Jan 16 aft
Feeling bit of uncertainty. Not sure today and so checked my card. Three of Clubs in Jupiter. Just want to let Y know about my dad.
But not sure. So just did Osho tarot for the day - Harmony - follow ur heart at all costs. Be simple. So I just messaged him la. No response.
Me okay cos can see he hasn't check message yet. So wait la. Just as I didn't die when Z left; so I wouldn't also on Y. But for now I asked for what I want. Just follow my heart. Once and for all end this Seven of Hearts. I didn't ask for Y but I admit I felt the attraction the first time. But now I have fallen for this lion. It is just attraction I would be off. But I have fallen so I stay put. Meanwhile continue to be with Linga. Read the Mirror card and saw that we need to pass over Breakthrough card before we can have Harmony.
In Breakthrough; its dark night of the soul. When the dawn is near, the night gets darker.
This is my Jupiter period so follow it. Focus on what I want. Forget about the costs. For the first time in my life I ignored the costs and focus on what I want. Just remembering that day the three of them together and still I choose Y. I know I want him.

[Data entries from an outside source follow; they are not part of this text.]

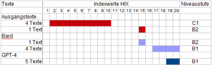 Vor diesem Hintergrund haben wir die KI-Übersetzungen auf ihr Sprachniveau getestet. Hier sind die ermittelten Niveaustufen von Wortliga im Vergleich zu den HIX-Werten:
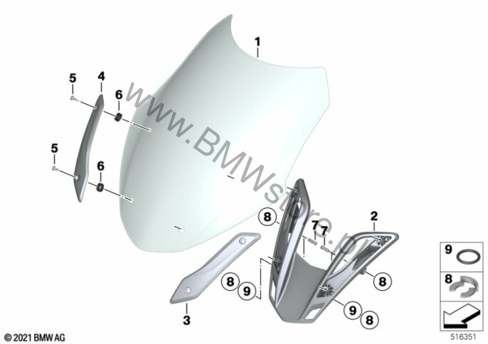 Szyba / mocowanie dla BMW K52 (R 1200 RT, R 1250 RT) R 1250 RT 20 (0L01, 0L03) ECE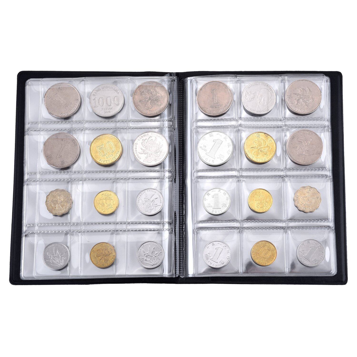 【特価セール】Mnixy 【ノーブランド品】 コイン 収集 保存用 コレクション アルバム 120ホルダー お金ポケット ミニ (ブラック)

Whether we be or not is not my call. But what matters is I focus on what I want and have faith.
Life love and laughter
U cannot go beyond sorrow. There is a transcendence but u cannot go; u will have to drop it before it happens. Yes, there is state of sorrowlessness, but u cannot enter into it; u will have to drop out of it.

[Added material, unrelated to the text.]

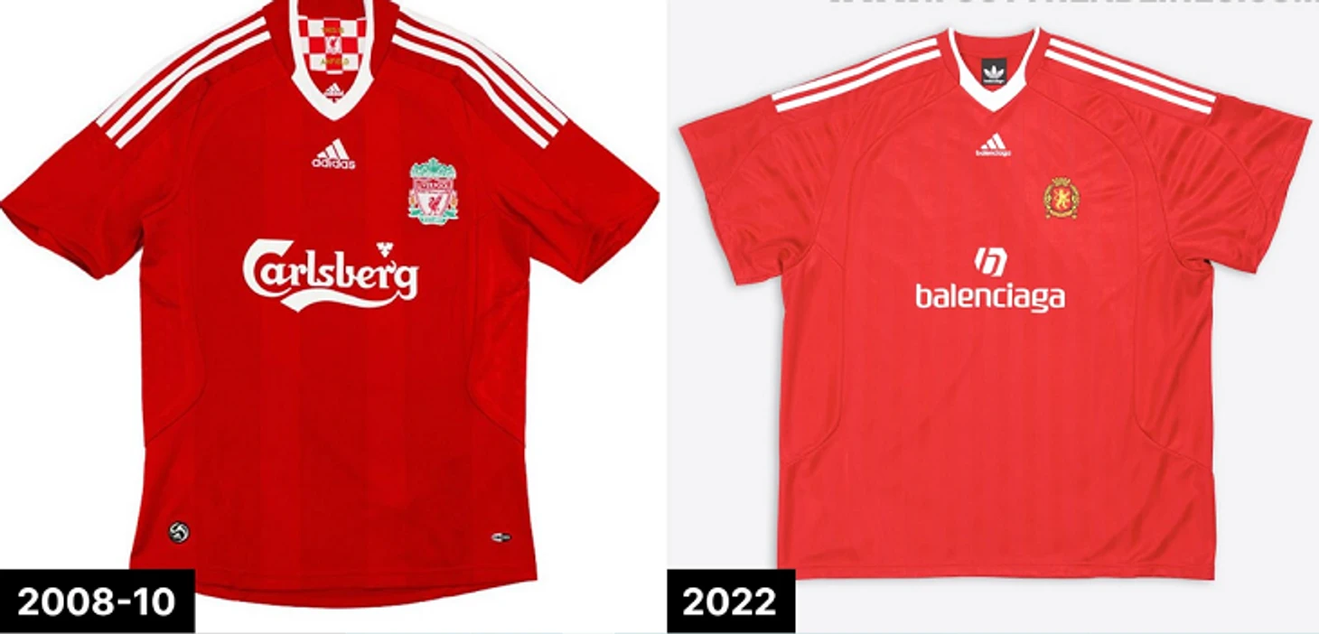 Впрочем, дизайнеры скорее вдохновлялись формой «Ливерпуля» из сезонов-2008/10. Три полоски и логотипы adidas на месте, а вместо памятного Carlsberg теперь надпись Balenciaga.

Something within u will enter but not u. Something within u will go into the land of no sorrow but not u: u are the sorrow.
The greater the ego, the greater the sorrow it creates. It hurts - it's like a wound. The lesser the ego, the less it hurts - the wound is healed.

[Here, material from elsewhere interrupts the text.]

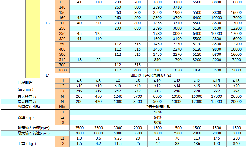 速比:1-1000有19種比速可選擇;分一、二、三級(jí)行星傳動(dòng);

When there is no ego, it hurts not at all. Even if somebody insults u, it does not hurt, because u are not - how can he insult you?
The insult hits only when the wound exists - u are defeated because u wanted to be victorious. If the ego is not, what is the difference between victory and defeat? What is the difference between success and failure?
All distinction are created by ego. Whenever ego feels fulfilled, it is success, victory. When ego feels unfulfilled, it a failure, defeat.
When there is no ego, u simply live without success, without failure. U simply live ... and that simple life is the religious life.
Soul
The other day L yelled at me to shut up. At first I felt embarrassed and then bit piss off. Half an hour later I was fine and able to speak to her naturally.
When I found out that I misunderstood Y. It was embarrassing and sad but I was not too bad.
Now can still message him despite me fallen for him and him not wanting me.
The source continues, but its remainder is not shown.